Чарльз и Хомер быстро переглянулись. Искушенный моряк всегда знает, что успех плаванья на добрую половину зависит от благоприятной погоды. Можно запланировать что душе угодно, можно перекраивать и так и сяк расписание, но один небольшой шторм может загубить на корню все благие намерения.
– По-моему, ты грезишь, Джонни, – сказал Хомер.
Джонатан захохотал и покачал головой.
– Вы же знаете, что я весь год дотошно изучал паровые машины. Сказать правду, этой идеей еще полвека назад воспользовался некто Роберт Фултон, который построил по эту сторону Атлантики первый в мире пароход. Он и был первым. Корабль, конечно, был невелик, но вполне пригоден для озер и рек. В течение почти полувека пароходы не знают другого удела.
Хомер выпятил губу и задумался.
– Для береговой торговли между штатами пароход еще может сгодиться, – сказал он. – Но он совершенно неприемлем для перевозки крупных партий груза и большого числа пассажиров. Он их просто не потянет.
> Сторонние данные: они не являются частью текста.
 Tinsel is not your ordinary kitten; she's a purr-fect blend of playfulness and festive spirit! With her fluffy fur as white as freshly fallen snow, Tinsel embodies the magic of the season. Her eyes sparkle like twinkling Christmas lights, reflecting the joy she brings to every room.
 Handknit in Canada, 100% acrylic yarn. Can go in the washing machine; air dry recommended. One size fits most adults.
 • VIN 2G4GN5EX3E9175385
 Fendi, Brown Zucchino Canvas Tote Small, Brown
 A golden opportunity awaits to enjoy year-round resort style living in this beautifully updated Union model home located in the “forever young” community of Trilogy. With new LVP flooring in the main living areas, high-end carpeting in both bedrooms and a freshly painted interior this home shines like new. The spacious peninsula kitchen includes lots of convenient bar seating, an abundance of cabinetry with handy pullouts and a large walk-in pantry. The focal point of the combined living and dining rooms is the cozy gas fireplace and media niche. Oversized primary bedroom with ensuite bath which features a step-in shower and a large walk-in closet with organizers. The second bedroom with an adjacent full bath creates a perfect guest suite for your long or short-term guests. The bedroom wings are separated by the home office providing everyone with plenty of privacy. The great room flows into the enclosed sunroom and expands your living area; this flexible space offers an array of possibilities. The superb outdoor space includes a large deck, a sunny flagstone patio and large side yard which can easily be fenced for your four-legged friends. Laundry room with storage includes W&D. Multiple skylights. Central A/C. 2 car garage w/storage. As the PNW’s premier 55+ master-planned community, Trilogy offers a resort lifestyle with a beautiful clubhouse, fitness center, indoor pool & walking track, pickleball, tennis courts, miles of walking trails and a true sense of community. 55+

– Это мне известно, – ответил Джонатан. – С этой помехой сталкивались все владельцы пароходов. Первые из них стремились заменить винтовое колесо гребным. Но, надеюсь, вам понятно, что иметь гребное колесо в открытом море и опасно, и неэффективно. Итак, я провел собственные исследования. Они и приковали меня к этой верфи, на которой происходили испытания по вечерам и уик-эндам.
Он открыл ящик стола и извлек оттуда несколько моделей, которые аккуратно расставил на письменном столе.
– Самым слабым местом у кораблей с паровой тягой был все-таки их размер, – сказал Чарльз. – Ты хочешь сказать, что тебе удалось решить эту задачу?
– Во-первых, не до конца, а во-вторых, не мне одному, – сказал Джонатан. – Я посмотрел, что делалось за рубежом, особенно в Англии и Гамбурге, где развитию в этой области уделяют много внимания. Проблема же в том, чтобы добиться установки достаточно мощного двигателя на больших судах, предназначенных для перевозки множества пассажиров и крупного груза. Мы подошли совсем близко к ее решению, хотя, может быть, правильнее будет сказать, что мы уже его знаем. Полдюжины строителей – и нет смысла скрывать, что одним из них был я, – проводили испытания с гребной осью, построенной по принципу винта. Создается впечатление, что такая установка идеально предназначена для использования силы пара и значительно повышает возможности такого судна. А это, в свою очередь, означает, что вскоре мы сможем приступить к строительству огромных кораблей, способных перевозить невиданное количество груза и пассажиров.
– В каких цифрах выразится это «невиданное количество»? – недоверчиво спросил Хомер.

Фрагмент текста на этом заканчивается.